The Abramson Cancer Center (ACC) of the University of Pennsylvania is a world leader in developing and conducting innovative clinical trials for the prevention, diagnosis, and treatment of cancer. The mission of the ACC Clinical Research Unit (CRU) is to advance the science of cancer care, serve our patients by improving clinical outcomes, and offer the best available innovative care to trial participants. The ACC CRU is instrumental in the development and implementation of cancer clinical trials that offer cutting-edge oncology treatments. The ACC CRU is currently comprised of 12 Research Teams that support disease/discipline specific cancer programs within the ACC. This Project Manager will have support of the ACC CRU-Breast Research Team.

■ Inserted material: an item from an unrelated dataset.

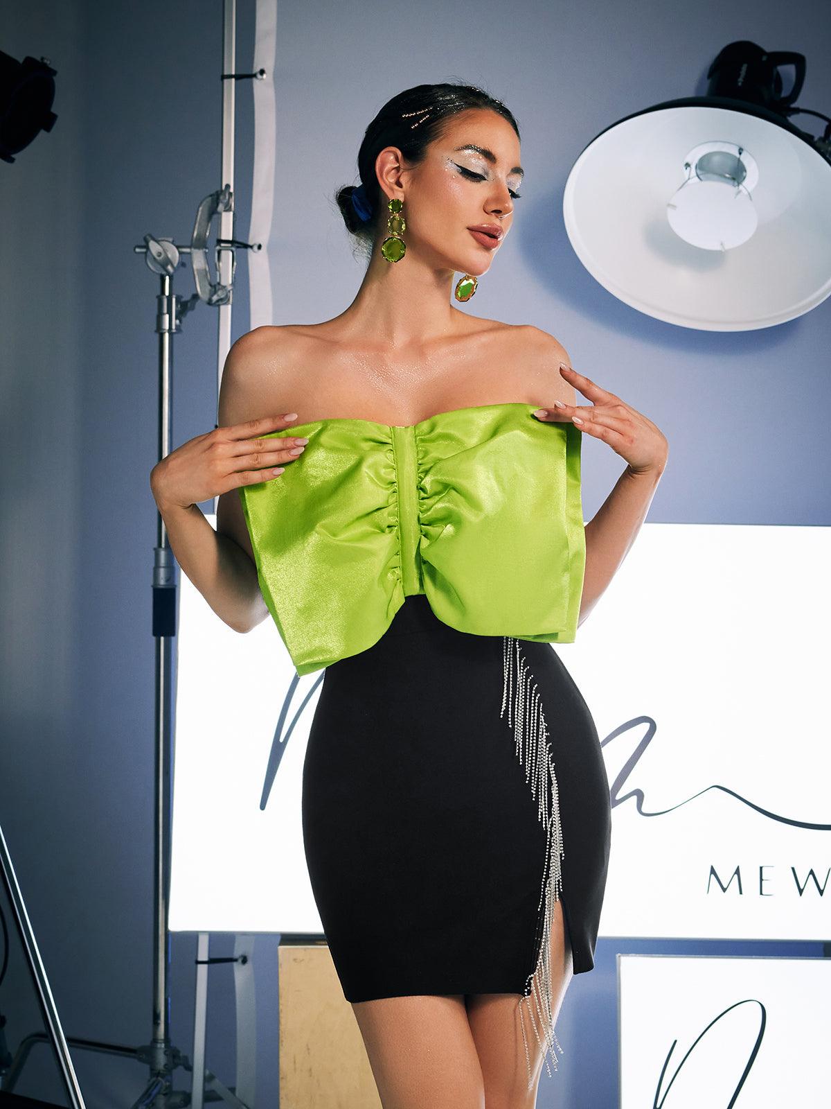 Elevate your style with the Idony Strapless Bow Crystal Fringe Mini Dress. This stunning dress features a delicate bow detail and eye-catching crystal fringe, adding an extra touch of glamour to any outfit. Perfect for a night out or special occasion, this dress will make you feel confident and chic.
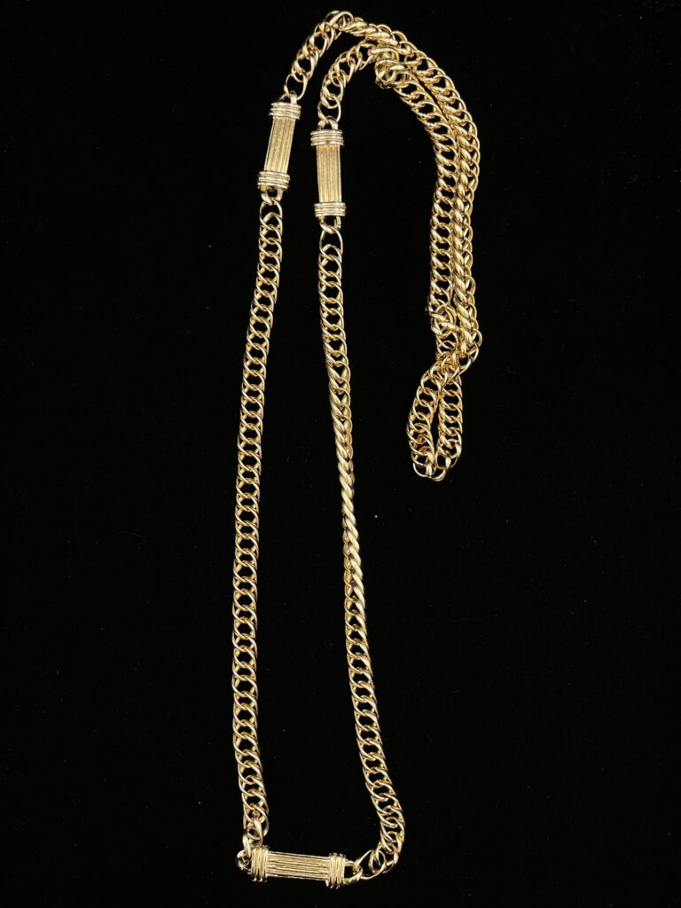 Diese elegante Vintage-Kette in Goldoptik überzeugt durch ihr klassisches Kettendesign in Kombination mit stilvollen, dekorativen Zwischenelementen. Die harmonische Gestaltung verleiht ihr eine edle Ausstrahlung und macht sie zu einem vielseitig kombinierbaren Accessoire. Ein zeitloses Schmuckstück, das jedem Outfit eine stilvolle und raffinierte Note verleiht.

The Project Manager position will directly report to the Lead Research Nurse and Team Manager of the Abramson Cancer Center (ACC), Clinical Research Unit (CRU) - Breast Research Team. The successful candidate will work closely with Physician leader of this ACC CRU Research Team and Lead Research Nurse and Team Manage to oversee aspects of the clinical research portfolio being performed for their research program. He/she will oversee the start-to-end processes for study start-up and ongoing study management. This includes assisting with study feasibility and selection, working closely with the ACC CRU Regulatory coordinators and/or ACC CRU Central to manage, review and initiate trials to ensure competitive activation and enrollment timelines. The Project Manager is expected to actively manage ongoing research projects, troubleshoot operational issues daily and assist with any and all aspects of clinical research coordinator's work during absences or when a specific team member's workload exceeds capacity (including, but not limited to, managing the team member's portfolio including budgets, patient visits, transporting specimens, data entry, query resolution and working with study monitors).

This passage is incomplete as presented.